Io non sono nessuno... Pensò col cuore a pezzi. «Nessuno, lui è troppo!» Disse senza piangere, avendo consumato troppe lacrime e perchè il suo cellulare vibrò: il nome di Jayne, che lampeggiava sul display, la rasserenò facendole comparire un lieve sorriso.

«Ciao, Diana, tutto apposto?».

«Domanda di riserva?» Replicò con tono piatto, distendendosi sul letto col cellulare sull'orecchio. Jayne si schiarì la voce.

«Che ne pensi di farci una serata con Valeria, tipo pizza e passeggiatina sul Lungolago?».

«Quando?».

«Stasera! C'è l'offerta pizza, bibita e caffè a dieci euro in centro».

«Con tuo marito come fai?».

«Che male c'è? Mi prendo una serata».

A Diana parve di vederla ammiccare. Conosceva le sue amiche e sapeva che lei e Valeria si erano messe d'accordo già prima per farle compagnia e di certo Jayne aveva insistito e discusso con suo marito per organizzare quella serata.

Non aveva molta voglia, ma rifiutare l'avrebbe fatta passare per egoista, dopo che le due ragazze si erano organizzate per rasserenarla un po'.

Aveva davvero due amiche d'oro e la terza, che sfortunatamente incontrava solo virtualmente, meritava davvero delle grosse scuse per l'atteggiamento avuto nei suoi confronti.

«Va bene, Jayne, a che ora ci troviamo e dove?».

«Sette e mezza davanti al “Chiosco”, non serve che ti dica di essere puntuale, giusto?».

«Va bene, stela, ci vediamo più tardi».

Se avesse dato retta alla voglia, Diana non si sarebbe mossa dal letto, ma ascoltò il buon senso.

Mentre si lavava pregò che il getto della doccia le ripulisse via tutto quel che aveva accumulato addosso: amore, rabbia, rimpianti, odio per sé stessa. Sicuramente non poteva pretendere che, da un giorno con l'altro, tutto ciò che c'era stato venisse ripulito come la schiuma da un lavandino, con un colpo di spugna, ma distrarsi era un buon modo per non pensare, almeno quelle due o tre ore che sarebbe restata con Jayne e Valeria.

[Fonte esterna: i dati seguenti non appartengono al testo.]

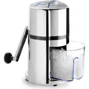 Ručný drvič ľadu z nerezovej ocele s plastovým zásobníkom.
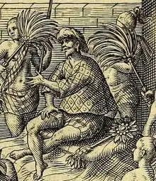 ![]() Alauddin Ri'ayat Syah, surrounded by his female guards. 1604 engraving. | |
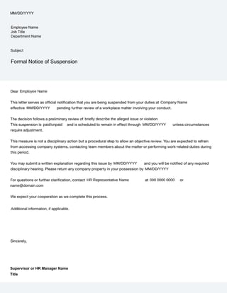 An Employee Suspension Letter formally notifies a staff member of their temporary removal from duties. It explains the reason, duration and expectations during the suspension period.
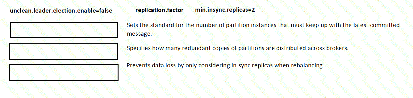 (You are given settings like unclean.leader.election.enable=false, replication.factor, min.insync.replicas=2)
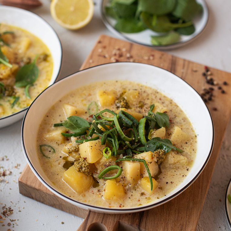 Die Kartoffeln unterrühren, mit der Gemüsebrühe aufgießen und alles etwa 15 bis 20 Minuten sanft köcheln lassen, bis die Kartoffeln weich sind.
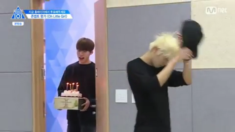 진실은 제작진 몰카!최민기 연습생이 의도적으로 생일 주인공 박지훈 연습생을 화나게하고 자신도 화난척하며 문을치고 나가 사실은 생일케익 가지러 나가는 반전 드라
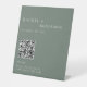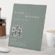 Minimalist Wedding Photo Share QR Code Sage Green Pedestal Sign
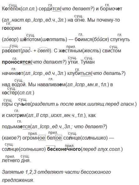 К..телок сердит(?)ся и бормоч..т на огне. Мы почему-то г..ворим ш..потом — б..имся спугнуть р..(с, сс)вет. С ж..стяным свистом проносят(?)ся утки. Туман начина..т клубит(?)ся над водой. Мы навалива..м в к..стёр горы суч(?)ев и смотр..м, как подыма..т(?)ся огромн.. бел.. со(?)нце — со(?)нце бе(е, з)конечного летнего дня. (По К. Паустовскому)
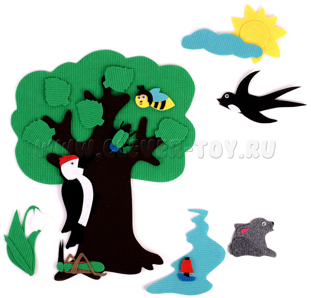 • растения – груша, яблоко, клубника, шиповник, крона жёлтая, крона зелёная, ствол дерева, листочки зелёные, красные, жёлтые, цветочки – 10 шт.;
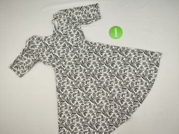 Sukienka damska midi z rękawem 3/4 - Kolor: biało‑czarny - Wzór: abstrakcyjne, faliste motywy z kropkami - Krój: dopasowana góra, lekko rozszerzany dół; długość za kolano (midi) - Dekolt: okrągły ...
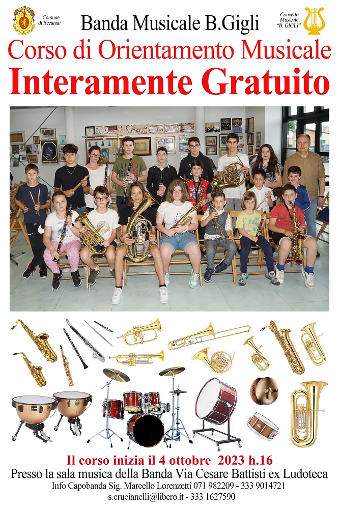 Al via a Recanati il Corso di Orientamento Musicale di tipo Bandistico per l’anno 2023-2024, organizzato dalla Banda musicale “B. Gigli”, che si svolgerà nella sala musica in via Cesare Battisti (ex ludoteca). Aperto a tutti, con preferenza bambini e ragazzi, il corso, organizzato con il contributo dell’Assessorato alle Culture del Comune di Recanati e della Regione, prevede lo studio di uno strumento a scelta tra le famiglie dei fiati e delle percussioni.
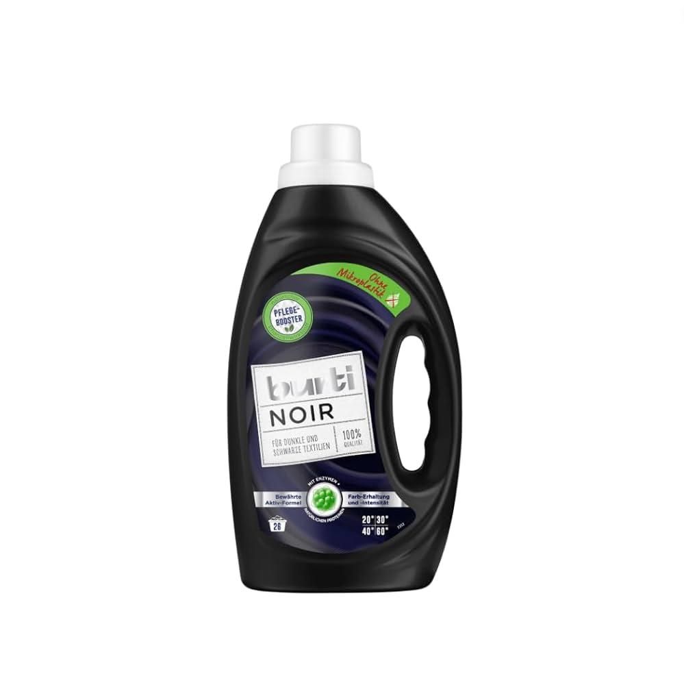 Լվացքի հեղուկ Burti Noir 1.45լ Նախատեսված է 29 լվացքի համար Նախատեսված է սև, ինչպես նաև ջինսե հագուստի համար Շնորհիվ էնզիմների, այն պահպանում է հագուստի գույնը Պարունակում է բնական օճառ Չի պարունակում միկրոպլատիկ և Ֆոսֆատ Նախատեսված է օգտագործել 20-60 աստիճան ջրում
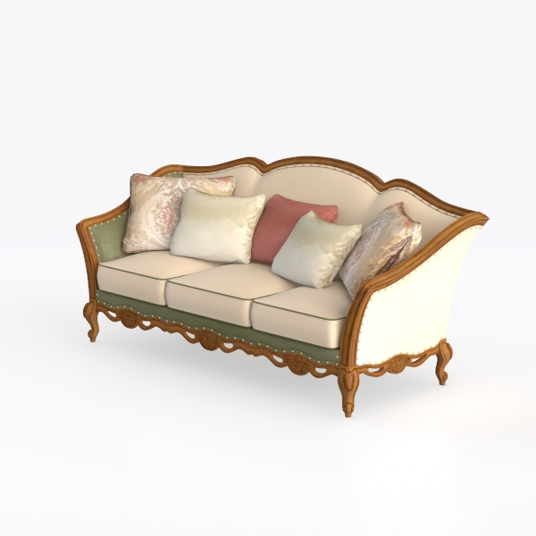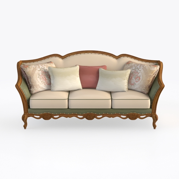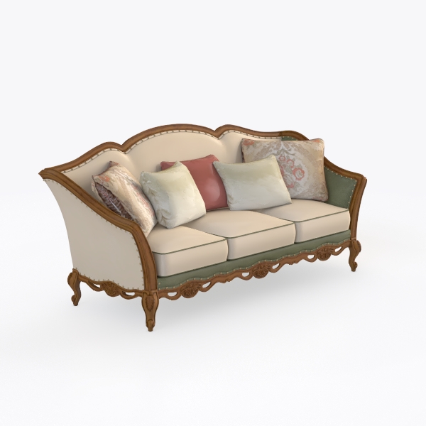 Inspired by the timeless elegance of 18th-century European craftsmanship, this sofa marries classic design with modern comfort. Its gently curved wooden frame, adorned with intricate floral carvings, exudes warmth and sophistication, while the soft, neutral upholstery—featuring off-white and sage green tones—creates a serene, inviting atmosphere. The plush, padded cushions feel luxuriously smooth to the touch, and the subtle nailhead trim along the edges adds a touch of refined detail.
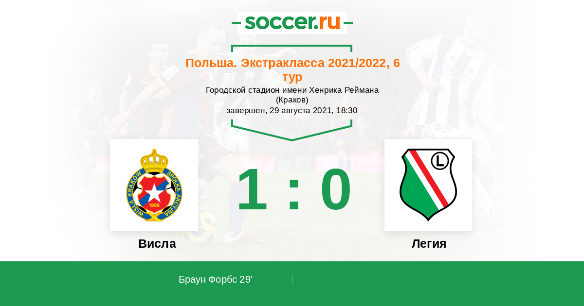 Протокол матча Висла против Легия
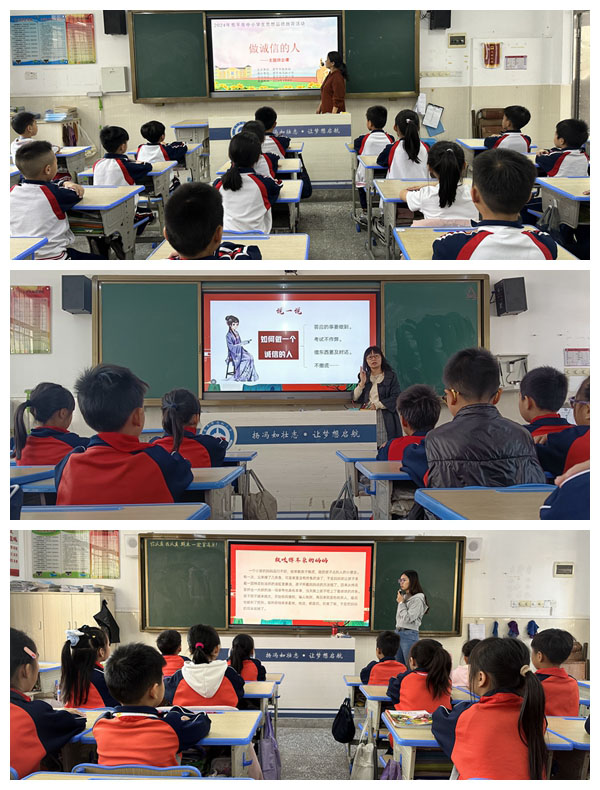 学校政教处组织布置各班开展“做诚信的人”主题班会课,对学生进行诚信主题教育,并让学生畅所欲言,寻找自身在诚信方面的缺失,然后通过组织讲诚信故事、分享诚信名言等多种方式,强化诚信意识。在各班班主任的精心组织下,主题班会开得有声有色。
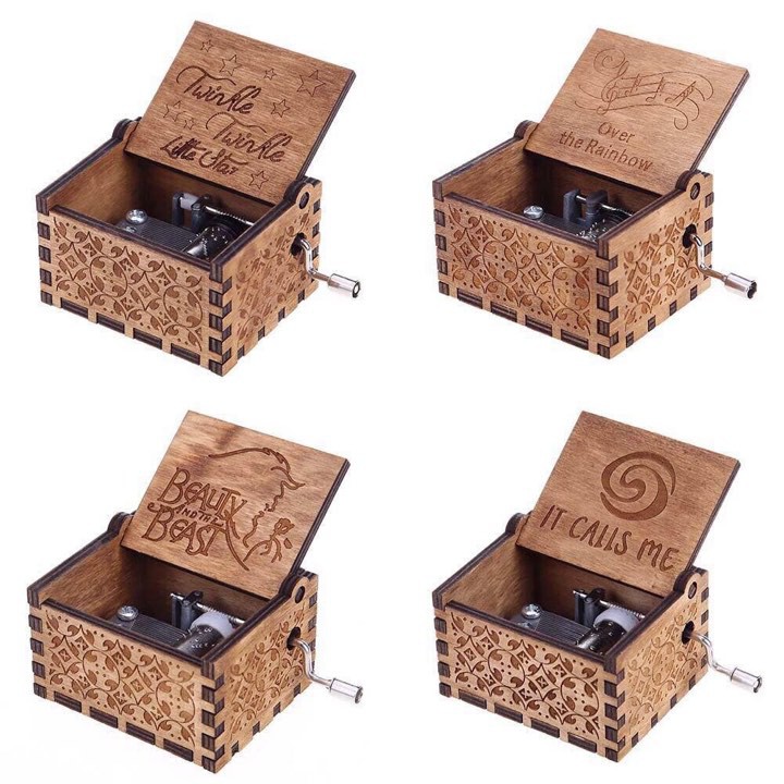 Vintage Engraved Wooden Mini Music Box Collection
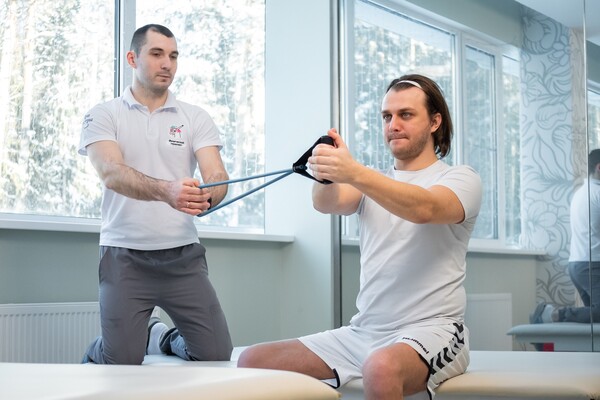 Ведущая роль в реабилитации после спортивных травм отводится физическому терапевту, который должен оценить физическое состояние пациента и подобрать для него такие упражнения, чтобы добиться постепенного восстановления и снижения болевого синдрома.
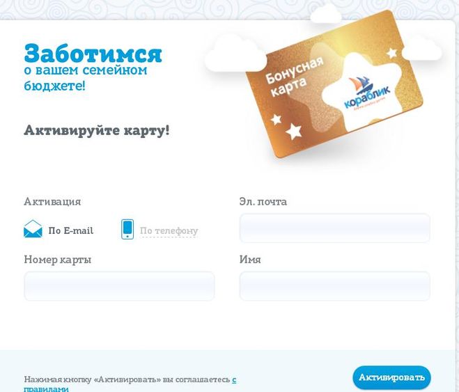 Активация бонусной карты на www korablik ru
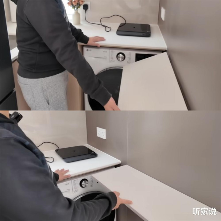 厨房内还有个比较有趣的小设计——折叠板,展开后,厨房变成了U形格局,既是做饭时放盘子碗碟的延伸台面,又是在用洗衣机后,叠衣晾晒的洗衣间台面,不用的时候收起来,完全不占地儿。
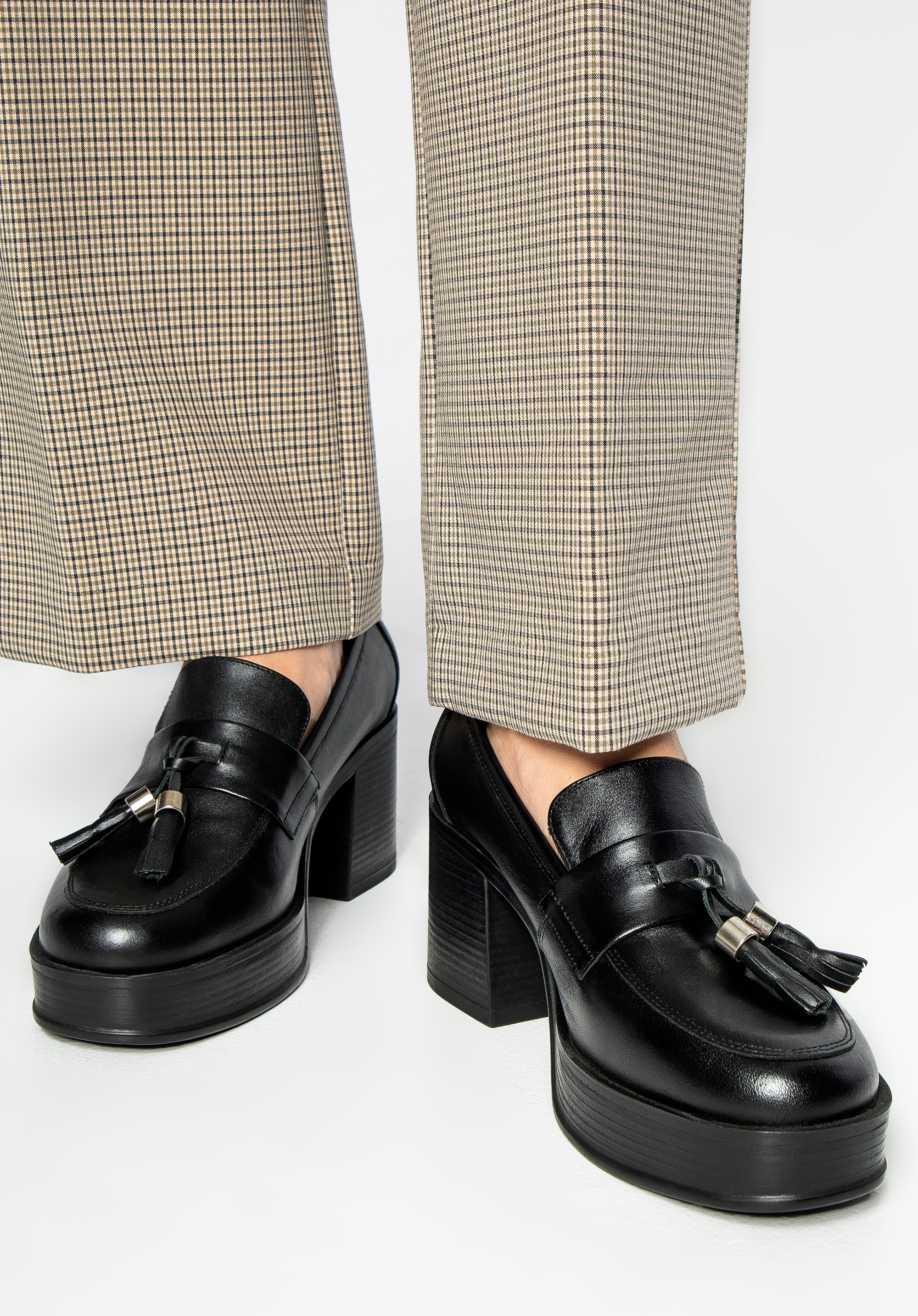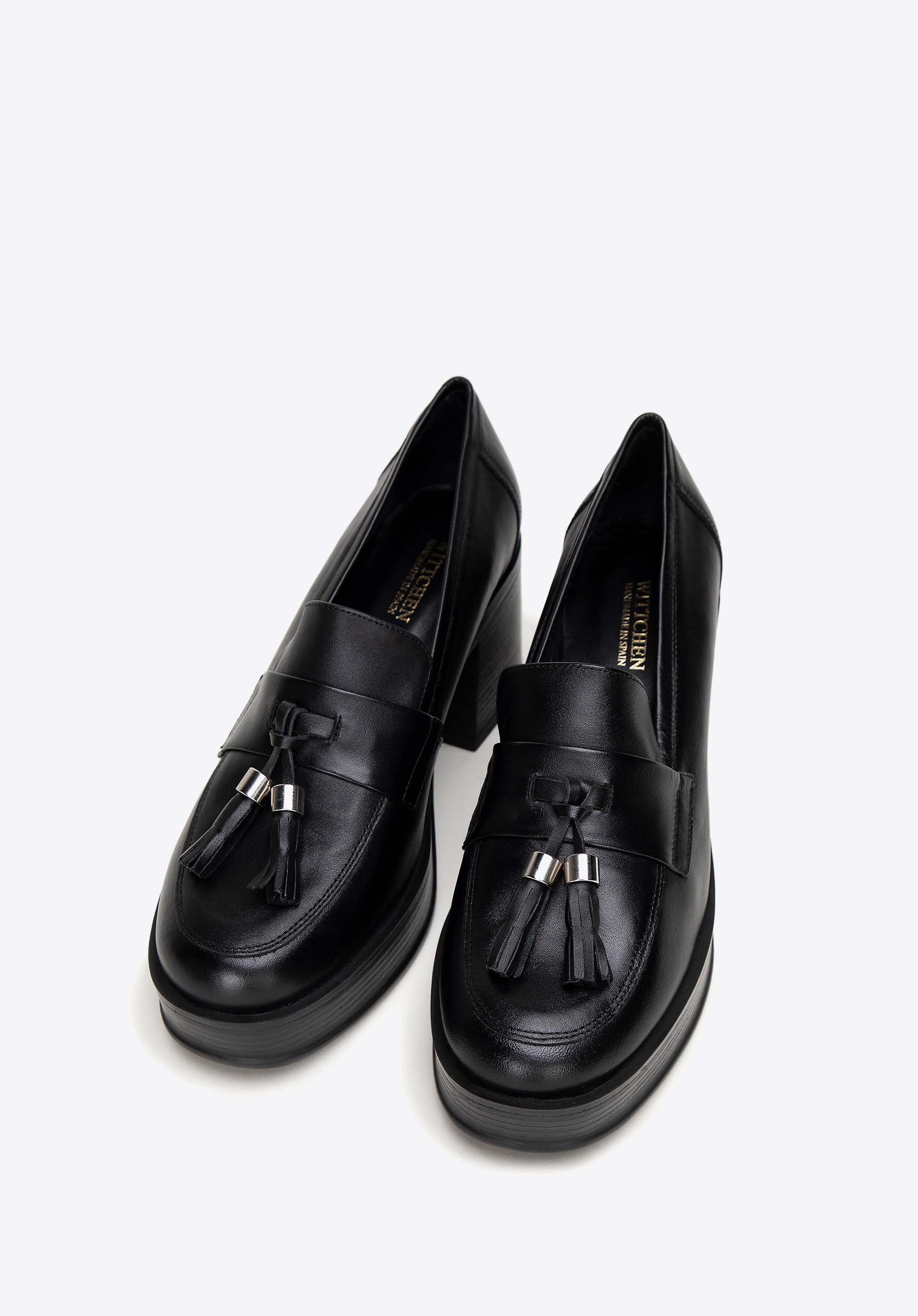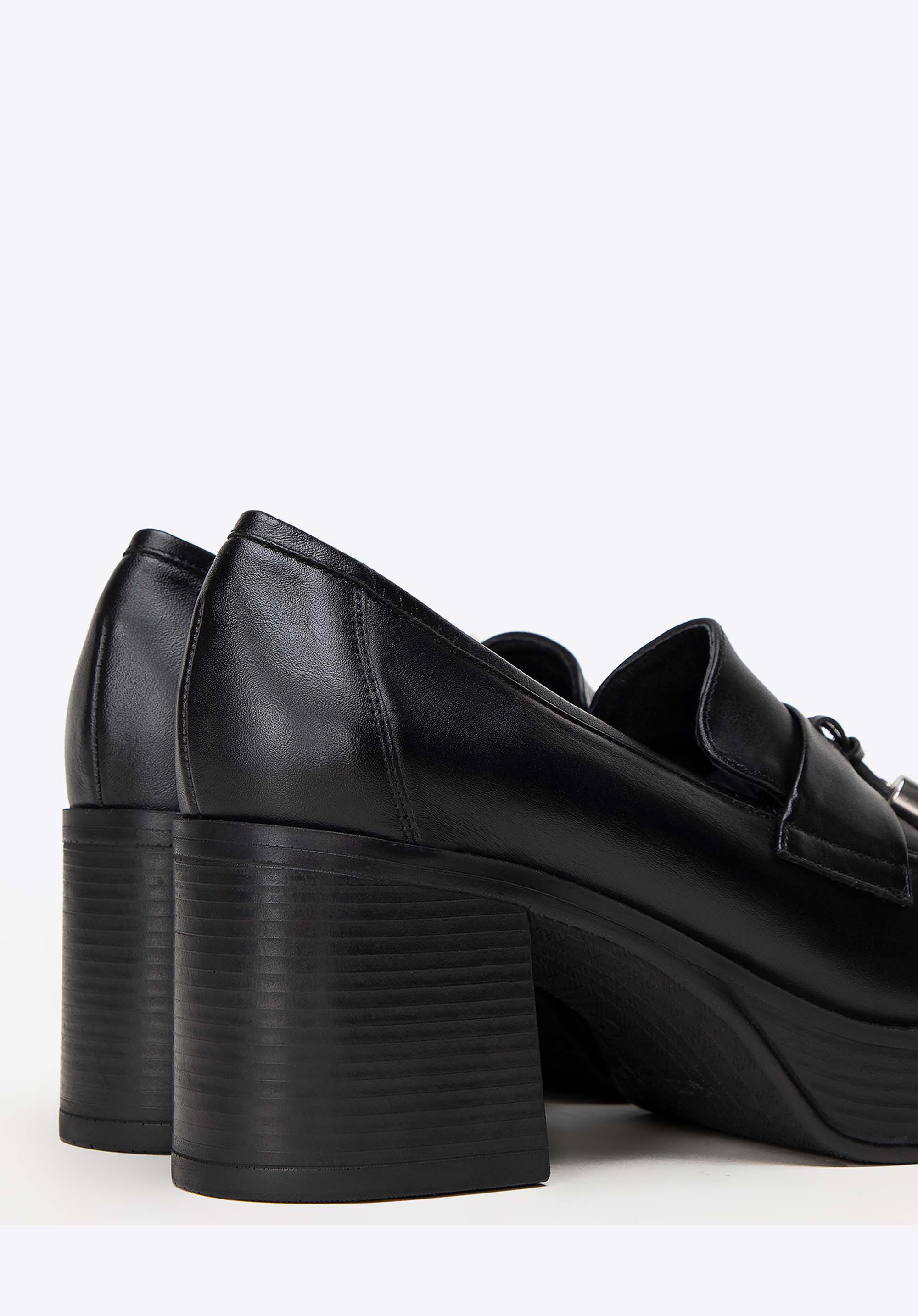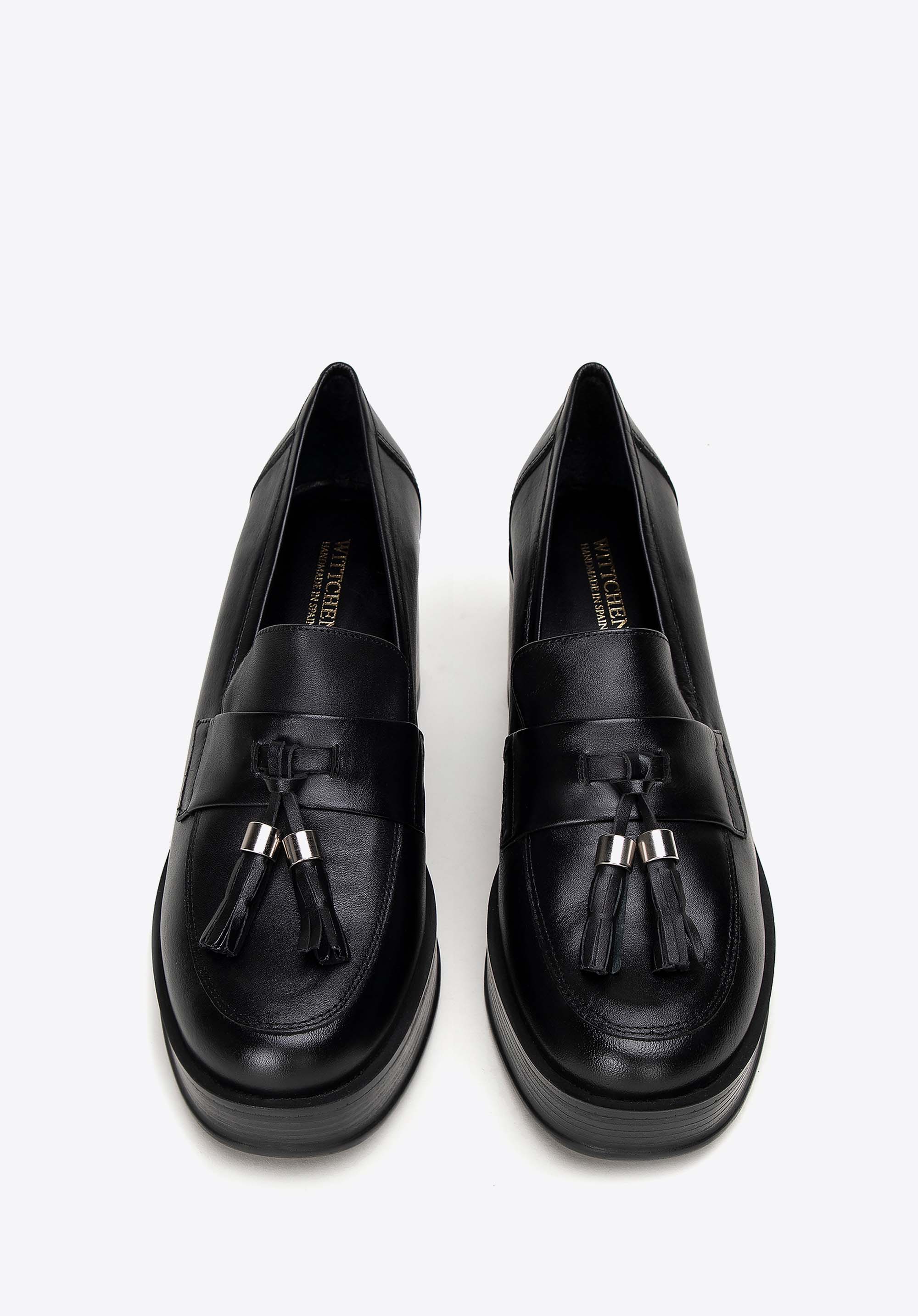 Damskie skórzane czółenka z dekoracyjnym chwostem

Non aveva voglia di uscire, ma ancora di più, non aveva voglia di soffrire.

Minigonna di jeans, anfibi e maglietta scollata nera con la giacca di pelle andava più che bene. Poteva permettersi di evitare i collant, quella sera: non faceva freddo, ma si dovette depilare per bene le gambe.

Capelli sciolti e trucco egiziano, lenti a contatto che si era presa l'abitudine di portare, due spruzzi di profumo sulle carotidi e poteva dirsi pronta.

Sua madre la guardò severa. Non aveva raccontato nulla dei fatti a Roma, ma da subito la donna si era accorta degli occhi tristi della figlia.

Diana ricambiò il suo sguardo e chiese:

«Che c'è?».

«Il tuo ritorno è stato un po' troppo repentino»

«Gabrio ha avuto troppo lavoro, troppe proposte ed io ero d'impiccio» mentì ma non riuscì a fregare la mamma, che sconsolata, mentre finiva di preparare la cena per lei ed il marito, ammise:

«Non mi piace vederti star male, tesoro».

Diana fu costretta a salutare velocemente sua madre per evitare di mettersi a piangere davanti a lei. Qualcuno che la capiva veramente c'era, peccato che fosse sua madre.